### ABOUT THIS EXERCISE
Each line in the material below, starting at the one with "Согласно материалам производства, должностные" and ending at the one with "CHEVNI 14 Inch", is to be reproduced exactly; no picture is to be copied.

----- THE INPUT -----

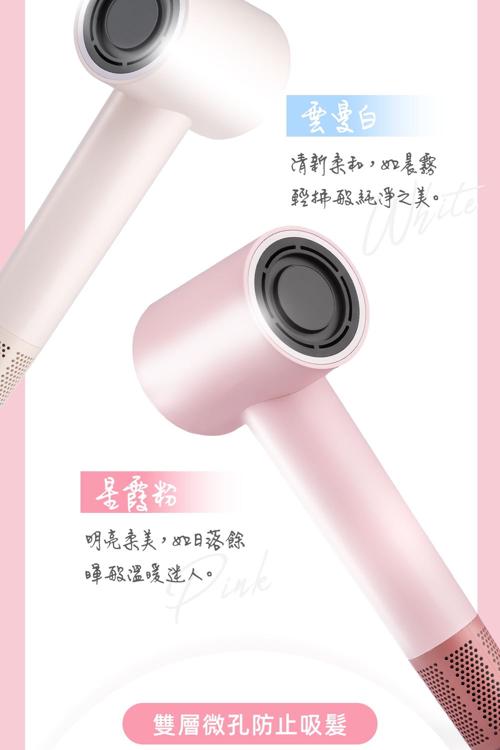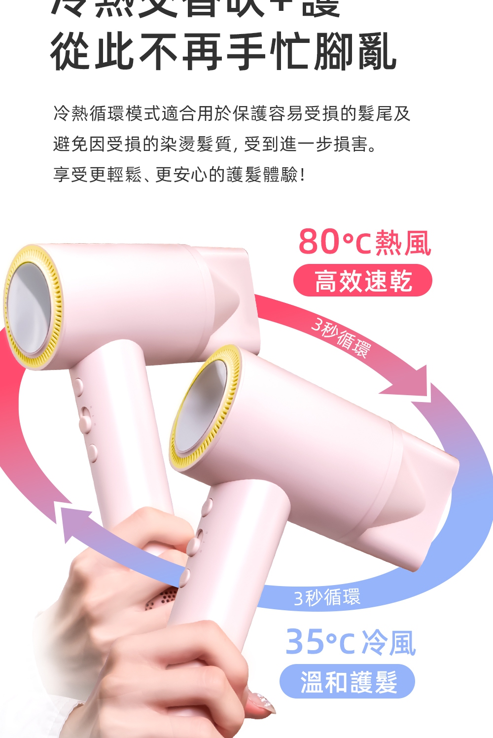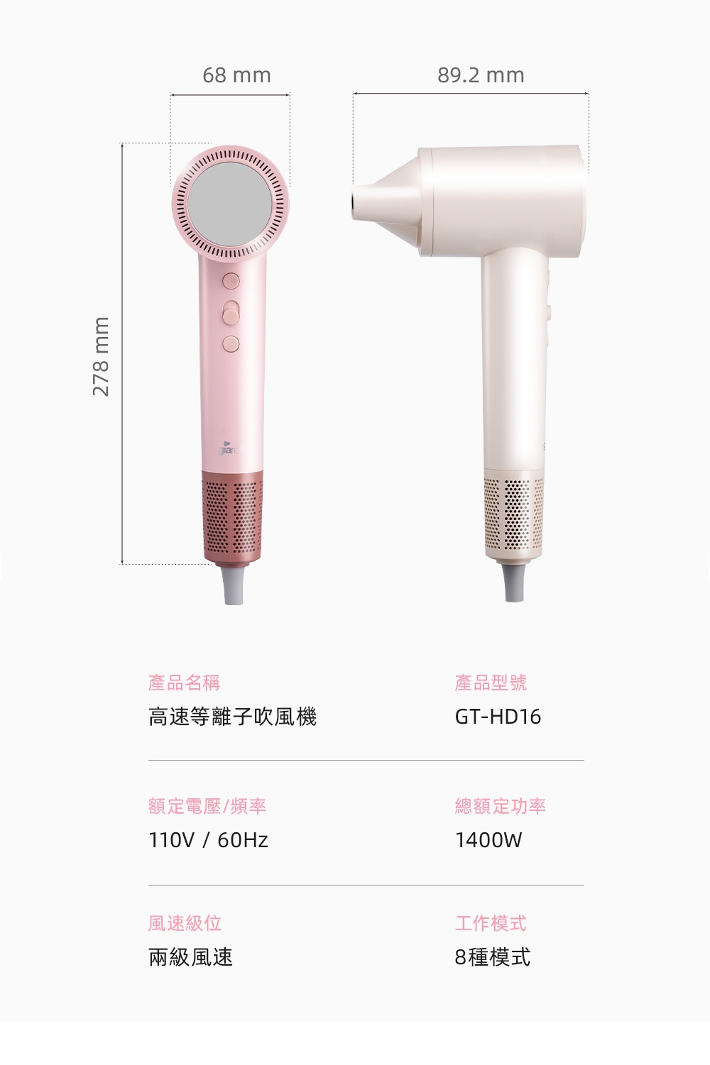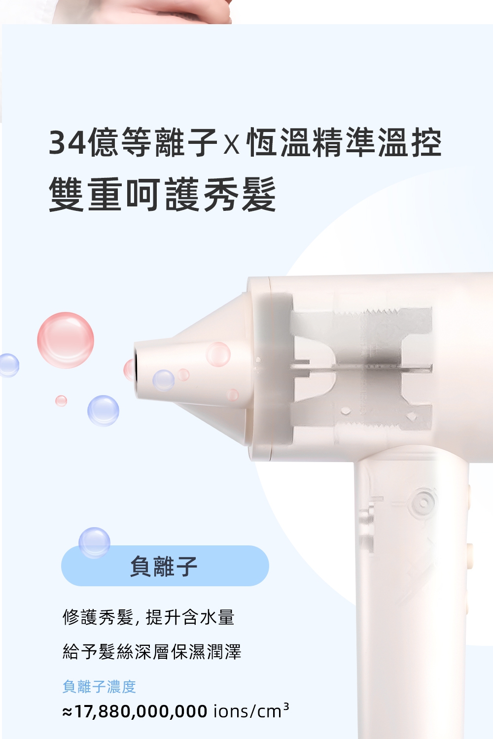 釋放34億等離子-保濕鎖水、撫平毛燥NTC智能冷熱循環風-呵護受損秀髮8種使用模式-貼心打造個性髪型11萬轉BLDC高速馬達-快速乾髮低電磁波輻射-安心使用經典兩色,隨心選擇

-----
----- THE INPUT -----

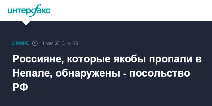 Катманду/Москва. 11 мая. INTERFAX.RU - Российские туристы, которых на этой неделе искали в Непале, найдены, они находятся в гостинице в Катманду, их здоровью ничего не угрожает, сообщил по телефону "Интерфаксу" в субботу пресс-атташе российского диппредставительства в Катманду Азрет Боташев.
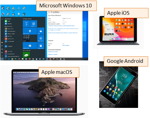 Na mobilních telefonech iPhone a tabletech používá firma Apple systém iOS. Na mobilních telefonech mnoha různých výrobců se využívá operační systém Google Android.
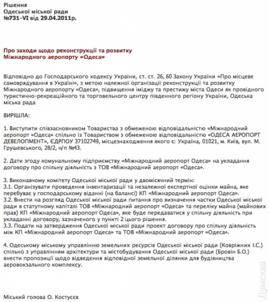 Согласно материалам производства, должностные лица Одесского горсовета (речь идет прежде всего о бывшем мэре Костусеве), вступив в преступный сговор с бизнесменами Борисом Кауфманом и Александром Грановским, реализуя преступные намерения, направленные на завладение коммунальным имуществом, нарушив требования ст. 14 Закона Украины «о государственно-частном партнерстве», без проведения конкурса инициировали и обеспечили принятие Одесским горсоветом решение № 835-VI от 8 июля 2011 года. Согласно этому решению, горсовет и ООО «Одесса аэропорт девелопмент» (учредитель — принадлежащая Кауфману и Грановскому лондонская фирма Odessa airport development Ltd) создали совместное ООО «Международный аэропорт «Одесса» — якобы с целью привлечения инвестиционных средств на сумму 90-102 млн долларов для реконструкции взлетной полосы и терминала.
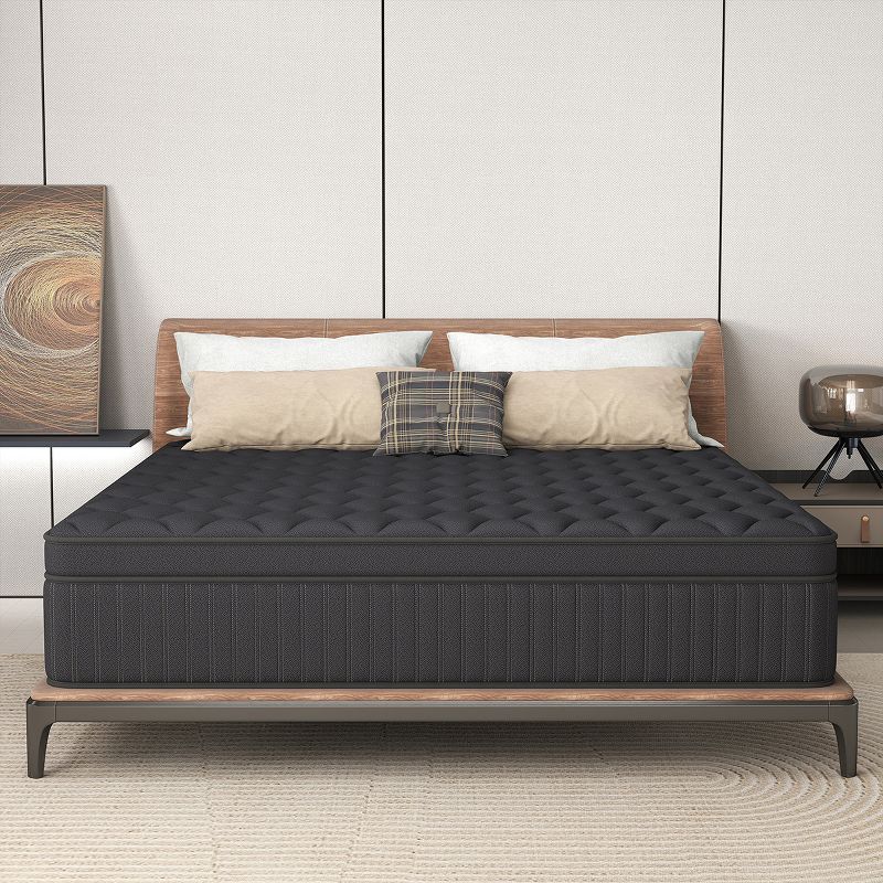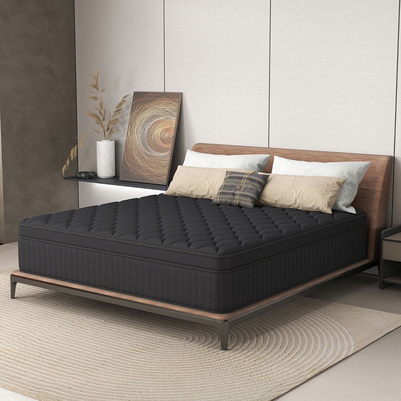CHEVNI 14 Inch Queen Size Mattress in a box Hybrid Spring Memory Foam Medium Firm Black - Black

-----
----- THE INPUT -----

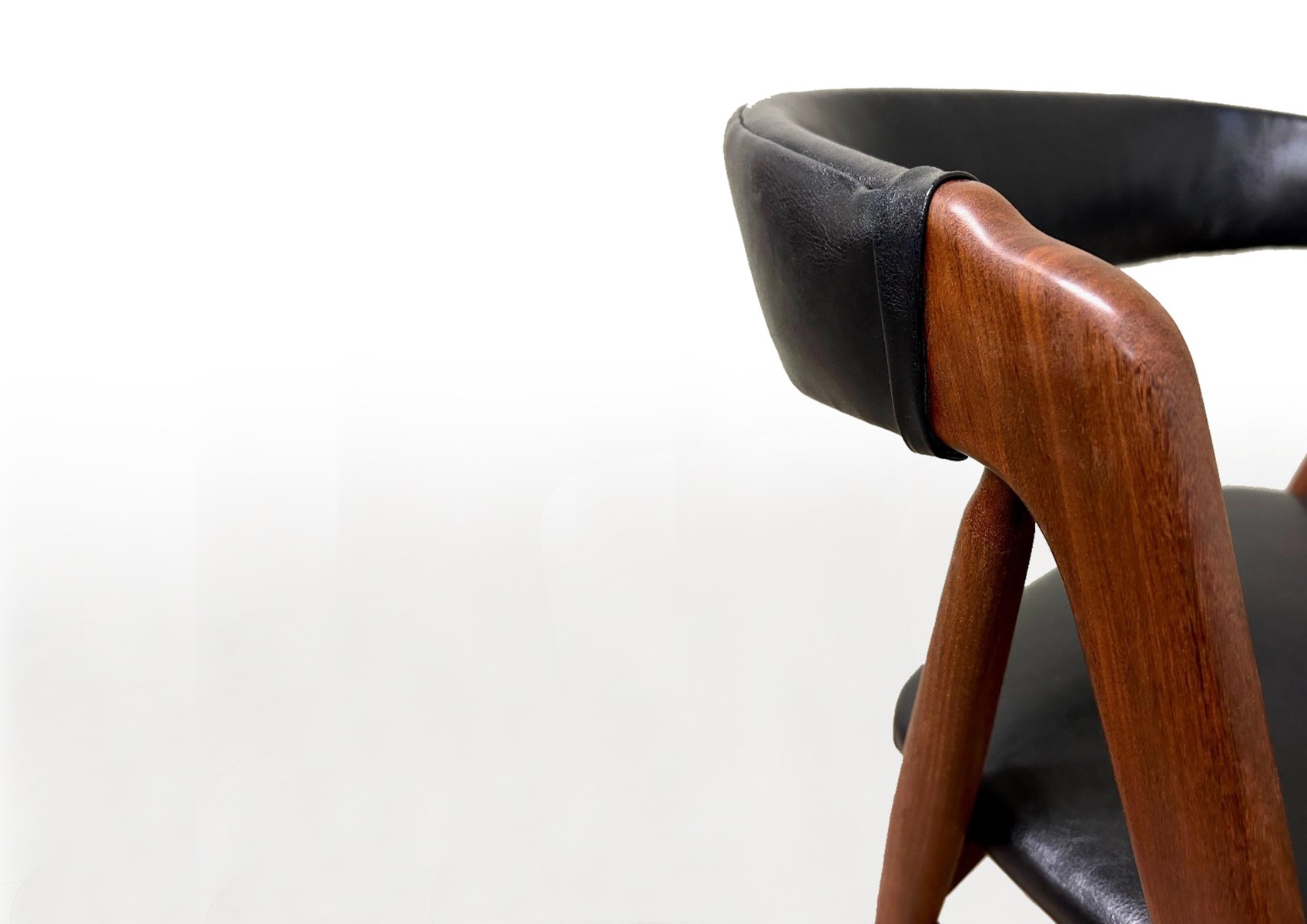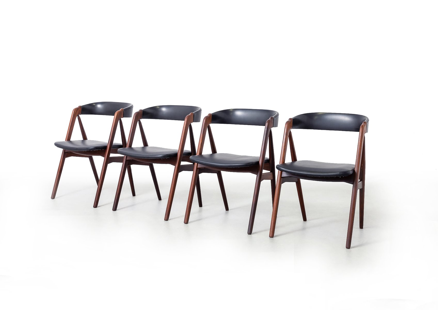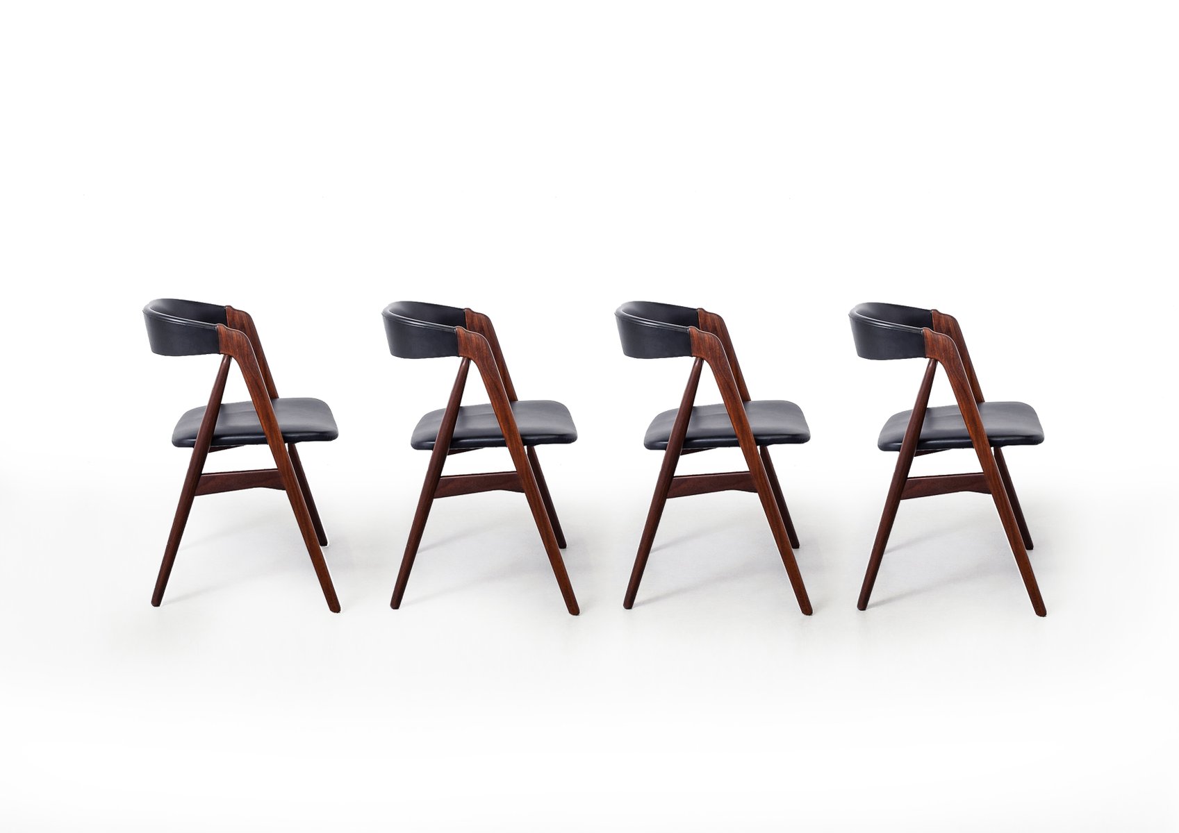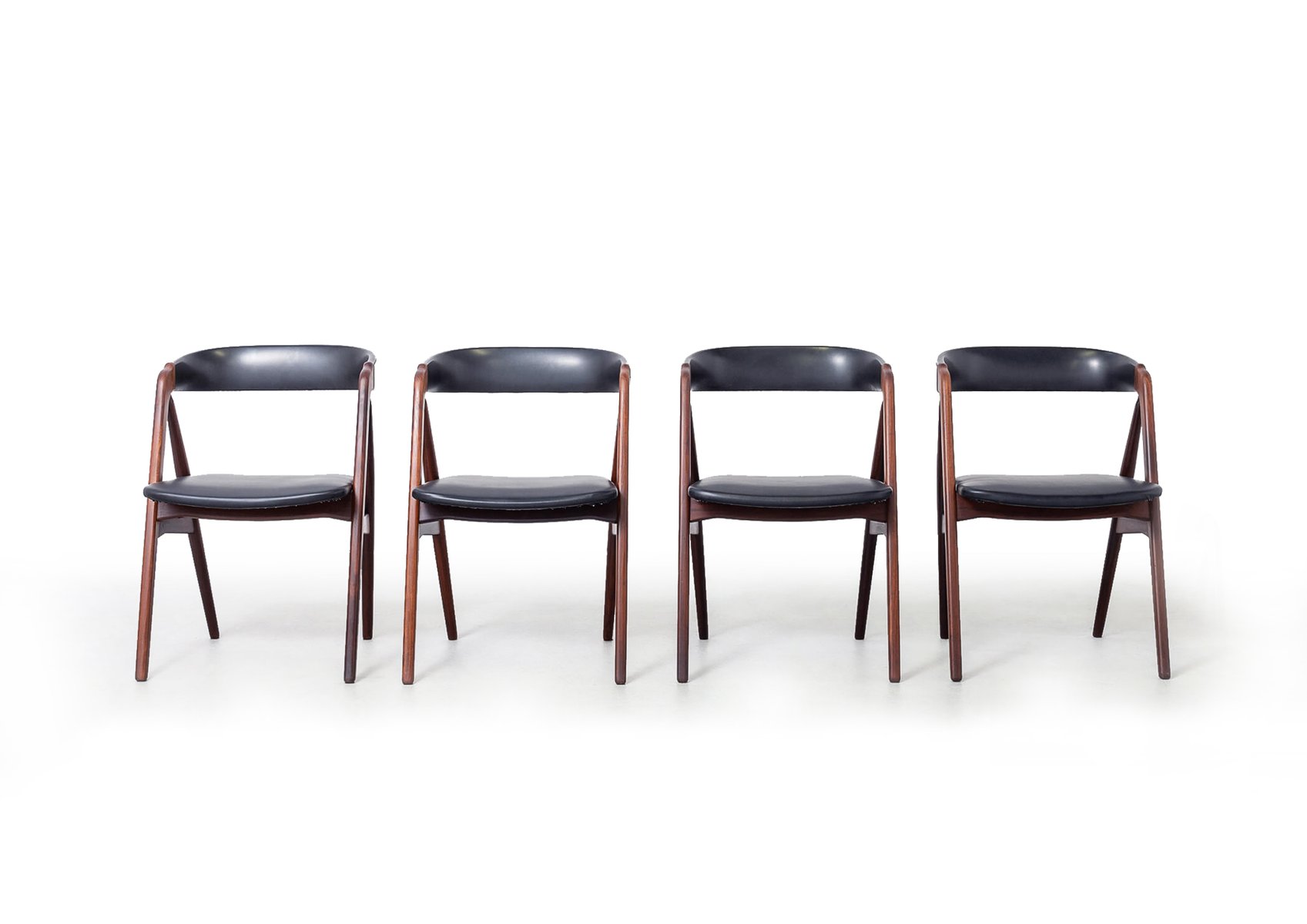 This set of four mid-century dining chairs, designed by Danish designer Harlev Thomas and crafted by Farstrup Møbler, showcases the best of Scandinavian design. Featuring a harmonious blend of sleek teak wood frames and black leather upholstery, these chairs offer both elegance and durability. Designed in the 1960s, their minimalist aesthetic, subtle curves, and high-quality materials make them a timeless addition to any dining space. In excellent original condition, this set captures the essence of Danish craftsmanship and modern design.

-----

### RESPONSE TO THE EXERCISE
 Согласно материалам производства, должностные лица Одесского горсовета (речь идет прежде всего о бывшем мэре Костусеве), вступив в преступный сговор с бизнесменами Борисом Кауфманом и Александром Грановским, реализуя преступные намерения, направленные на завладение коммунальным имуществом, нарушив требования ст. 14 Закона Украины «о государственно-частном партнерстве», без проведения конкурса инициировали и обеспечили принятие Одесским горсоветом решение № 835-VI от 8 июля 2011 года. Согласно этому решению, горсовет и ООО «Одесса аэропорт девелопмент» (учредитель — принадлежащая Кауфману и Грановскому лондонская фирма Odessa airport development Ltd) создали совместное ООО «Международный аэропорт «Одесса» — якобы с целью привлечения инвестиционных средств на сумму 90-102 млн долларов для реконструкции взлетной полосы и терминала.
CHEVNI 14 Inch Queen Size Mattress in a box Hybrid Spring Memory Foam Medium Firm Black - Black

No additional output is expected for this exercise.